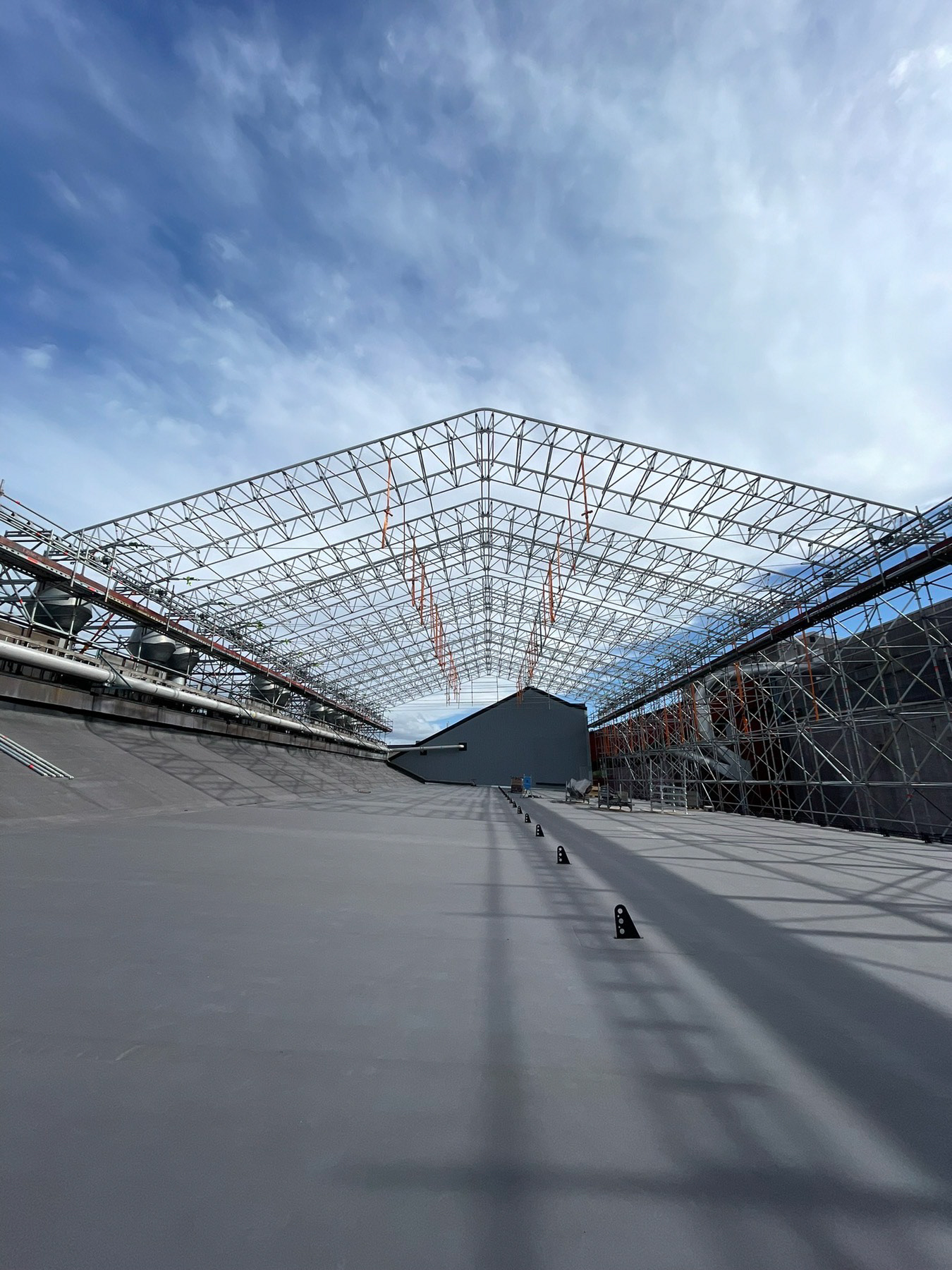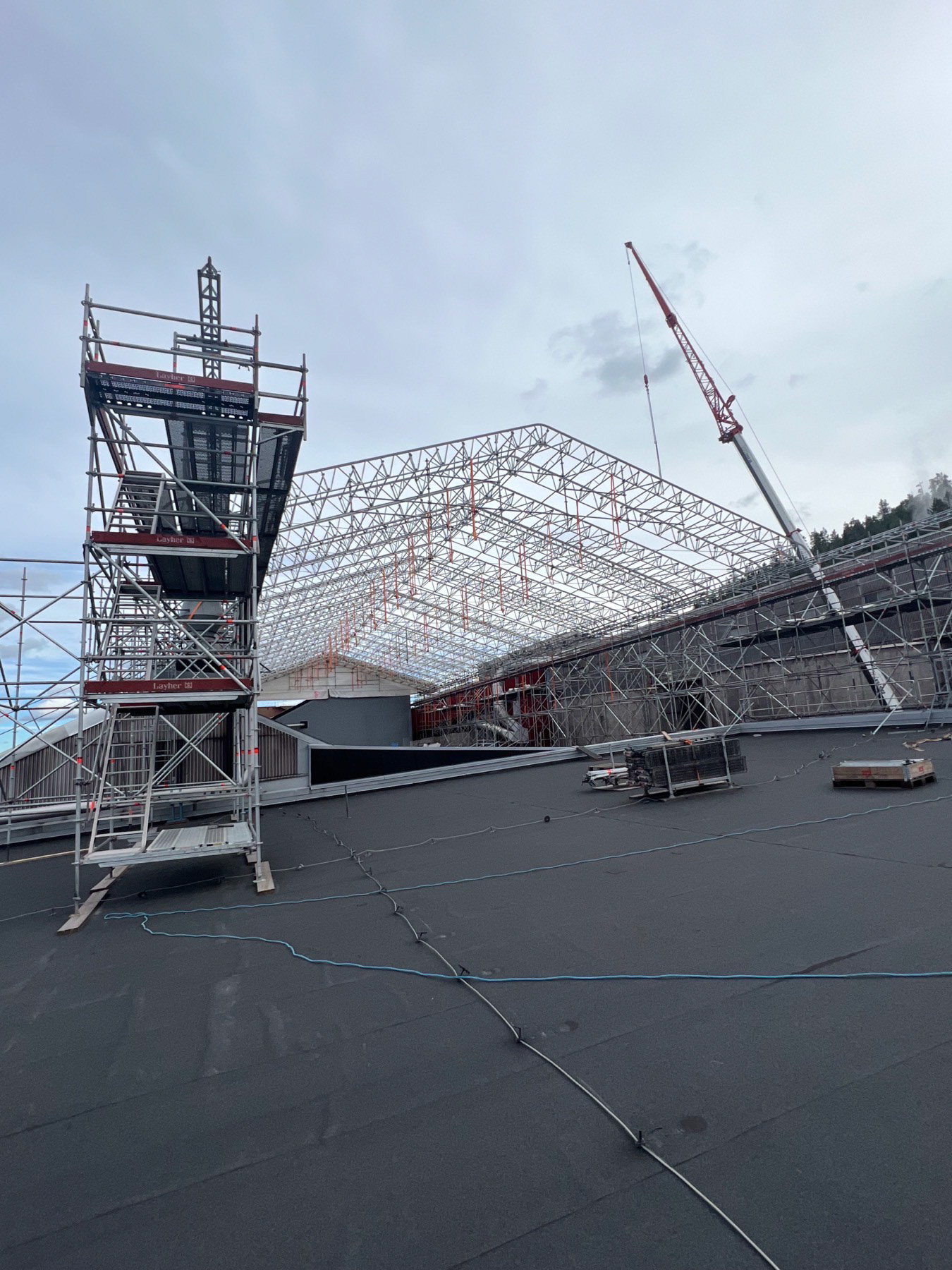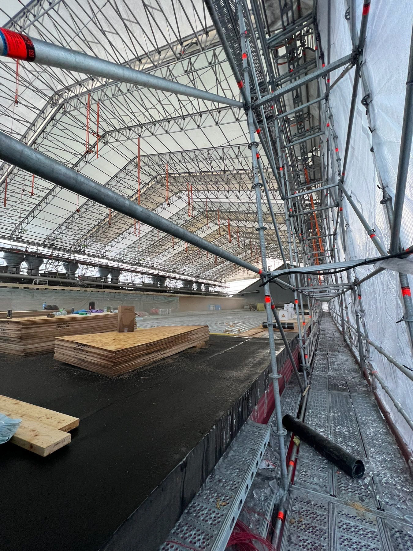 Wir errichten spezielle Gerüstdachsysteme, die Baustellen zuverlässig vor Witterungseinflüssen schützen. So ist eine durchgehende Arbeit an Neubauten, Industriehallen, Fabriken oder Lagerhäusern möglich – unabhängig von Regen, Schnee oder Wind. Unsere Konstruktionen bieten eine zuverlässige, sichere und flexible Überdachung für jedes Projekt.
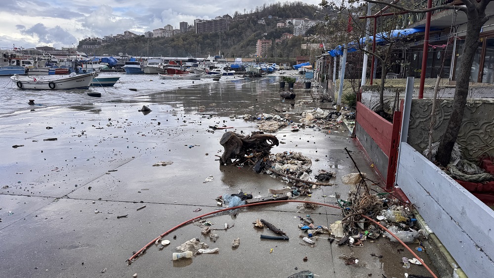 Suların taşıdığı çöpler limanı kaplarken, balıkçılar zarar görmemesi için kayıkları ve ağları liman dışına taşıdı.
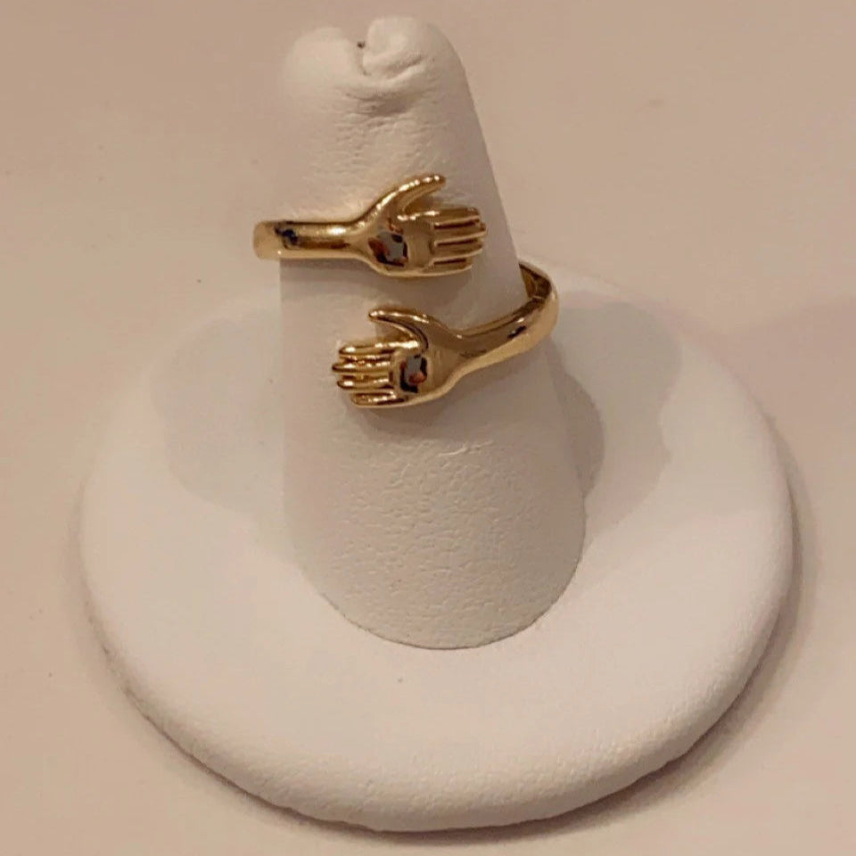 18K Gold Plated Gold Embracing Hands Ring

...

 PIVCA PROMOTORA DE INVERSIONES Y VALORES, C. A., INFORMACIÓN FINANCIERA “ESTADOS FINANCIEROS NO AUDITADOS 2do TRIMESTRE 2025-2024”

---

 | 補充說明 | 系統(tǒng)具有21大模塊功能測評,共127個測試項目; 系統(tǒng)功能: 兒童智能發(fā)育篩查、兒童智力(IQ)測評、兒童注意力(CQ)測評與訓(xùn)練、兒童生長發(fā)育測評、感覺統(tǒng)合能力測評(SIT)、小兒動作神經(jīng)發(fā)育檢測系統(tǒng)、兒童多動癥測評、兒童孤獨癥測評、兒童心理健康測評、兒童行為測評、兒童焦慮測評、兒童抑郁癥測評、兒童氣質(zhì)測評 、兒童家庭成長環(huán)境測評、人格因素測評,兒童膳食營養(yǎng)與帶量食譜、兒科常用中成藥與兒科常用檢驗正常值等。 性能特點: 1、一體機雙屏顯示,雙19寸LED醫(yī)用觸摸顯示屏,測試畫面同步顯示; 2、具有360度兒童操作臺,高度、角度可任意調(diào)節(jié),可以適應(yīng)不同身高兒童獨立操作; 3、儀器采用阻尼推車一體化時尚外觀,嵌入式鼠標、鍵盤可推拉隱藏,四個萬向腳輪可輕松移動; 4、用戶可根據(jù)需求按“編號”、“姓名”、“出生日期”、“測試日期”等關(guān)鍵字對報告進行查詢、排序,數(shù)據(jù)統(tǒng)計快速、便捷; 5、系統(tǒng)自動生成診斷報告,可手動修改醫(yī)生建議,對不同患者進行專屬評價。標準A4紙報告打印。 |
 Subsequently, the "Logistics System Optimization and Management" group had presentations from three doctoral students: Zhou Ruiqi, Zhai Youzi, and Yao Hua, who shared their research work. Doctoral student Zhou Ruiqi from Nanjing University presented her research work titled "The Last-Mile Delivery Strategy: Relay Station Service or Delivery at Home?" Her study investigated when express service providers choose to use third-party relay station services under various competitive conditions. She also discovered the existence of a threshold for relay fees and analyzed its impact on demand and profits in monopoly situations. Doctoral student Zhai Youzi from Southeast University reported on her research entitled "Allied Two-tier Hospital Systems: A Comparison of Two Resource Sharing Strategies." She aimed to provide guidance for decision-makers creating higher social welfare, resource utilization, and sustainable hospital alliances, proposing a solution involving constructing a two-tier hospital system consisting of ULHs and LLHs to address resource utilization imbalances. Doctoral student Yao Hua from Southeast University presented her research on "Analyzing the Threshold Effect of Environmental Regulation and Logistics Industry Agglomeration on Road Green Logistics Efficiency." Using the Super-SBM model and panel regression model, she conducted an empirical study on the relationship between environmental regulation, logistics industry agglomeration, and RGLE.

How to complete this task
Look above for the line containing "Suların taşıdığı çöpler", then write out every line from there down to the line containing "18K Gold Plated Gold Embracing Hands Ring", that line included, with no pictures.

Answer to this exercise
 Suların taşıdığı çöpler limanı kaplarken, balıkçılar zarar görmemesi için kayıkları ve ağları liman dışına taşıdı.
 18K Gold Plated Gold Embracing Hands Ring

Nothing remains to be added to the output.